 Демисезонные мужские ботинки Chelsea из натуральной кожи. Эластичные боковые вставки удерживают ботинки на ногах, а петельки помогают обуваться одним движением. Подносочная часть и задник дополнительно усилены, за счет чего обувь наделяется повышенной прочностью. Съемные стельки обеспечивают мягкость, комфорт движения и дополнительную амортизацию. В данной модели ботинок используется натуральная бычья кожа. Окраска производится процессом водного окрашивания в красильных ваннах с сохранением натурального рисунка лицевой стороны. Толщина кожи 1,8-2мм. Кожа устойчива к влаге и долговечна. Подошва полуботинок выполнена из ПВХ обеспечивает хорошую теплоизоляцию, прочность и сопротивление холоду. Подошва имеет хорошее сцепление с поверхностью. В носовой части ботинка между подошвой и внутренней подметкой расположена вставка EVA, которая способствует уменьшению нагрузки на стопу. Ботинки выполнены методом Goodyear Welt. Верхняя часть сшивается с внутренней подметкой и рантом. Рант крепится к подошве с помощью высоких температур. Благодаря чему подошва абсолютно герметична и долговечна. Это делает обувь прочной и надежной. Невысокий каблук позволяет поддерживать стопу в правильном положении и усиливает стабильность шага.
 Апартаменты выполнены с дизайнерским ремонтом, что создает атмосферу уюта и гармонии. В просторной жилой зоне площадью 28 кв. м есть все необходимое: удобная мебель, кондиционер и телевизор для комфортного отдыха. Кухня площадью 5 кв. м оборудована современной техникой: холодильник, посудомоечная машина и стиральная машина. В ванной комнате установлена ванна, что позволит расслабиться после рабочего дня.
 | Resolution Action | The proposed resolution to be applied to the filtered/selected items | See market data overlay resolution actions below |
==================================================
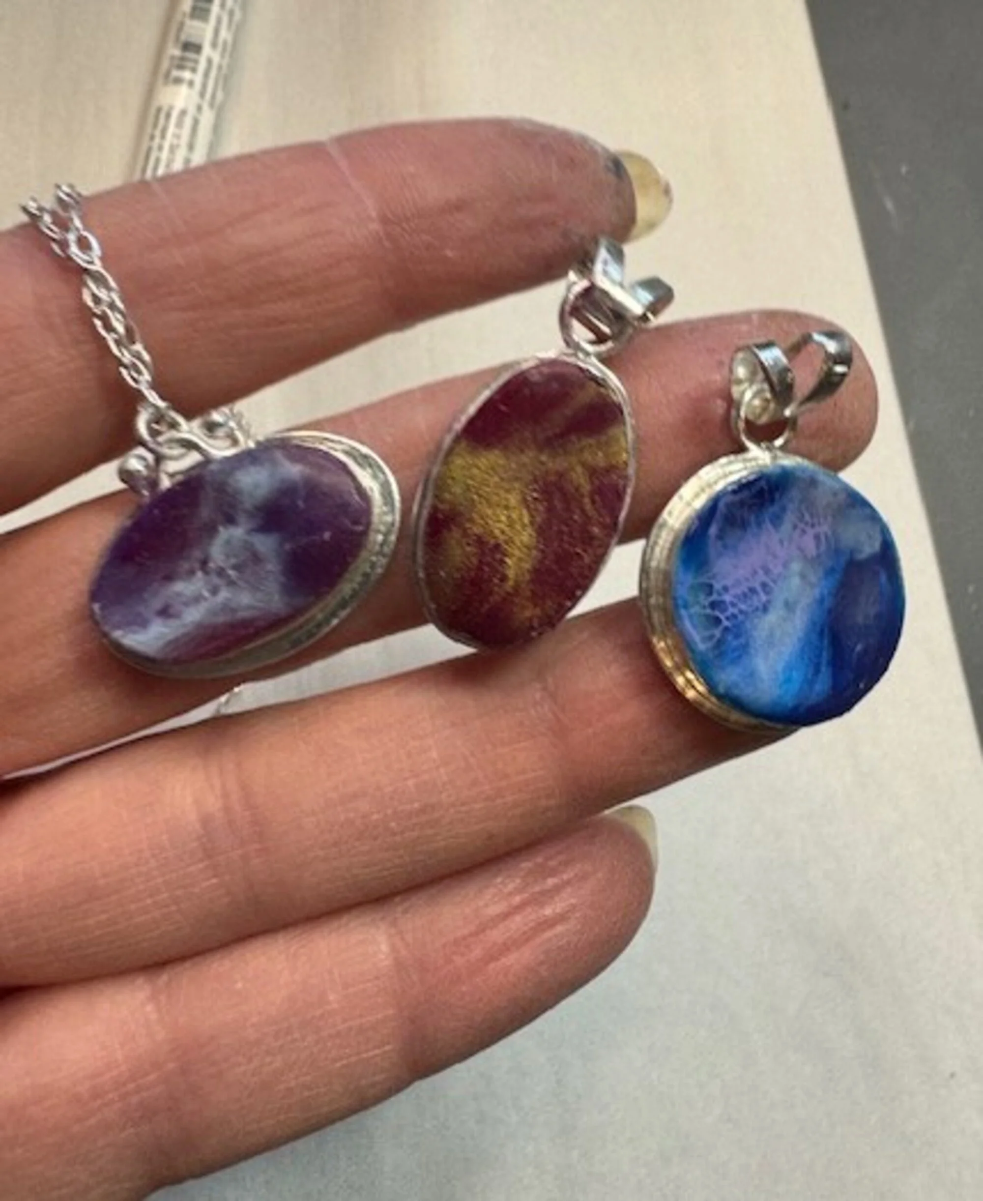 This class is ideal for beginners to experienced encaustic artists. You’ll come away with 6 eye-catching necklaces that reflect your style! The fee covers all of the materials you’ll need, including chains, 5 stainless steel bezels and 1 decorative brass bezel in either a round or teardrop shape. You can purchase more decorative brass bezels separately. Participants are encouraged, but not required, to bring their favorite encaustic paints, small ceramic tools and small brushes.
==================================================
## Work item
Starting at the line above that contains "Апартаменты выполнены с", write out each line exactly until the line that contains "actions below |" has been written, and stop there.

## Answer space
 Апартаменты выполнены с дизайнерским ремонтом, что создает атмосферу уюта и гармонии. В просторной жилой зоне площадью 28 кв. м есть все необходимое: удобная мебель, кондиционер и телевизор для комфортного отдыха. Кухня площадью 5 кв. м оборудована современной техникой: холодильник, посудомоечная машина и стиральная машина. В ванной комнате установлена ванна, что позволит расслабиться после рабочего дня.
 | Resolution Action | The proposed resolution to be applied to the filtered/selected items | See market data overlay resolution actions below |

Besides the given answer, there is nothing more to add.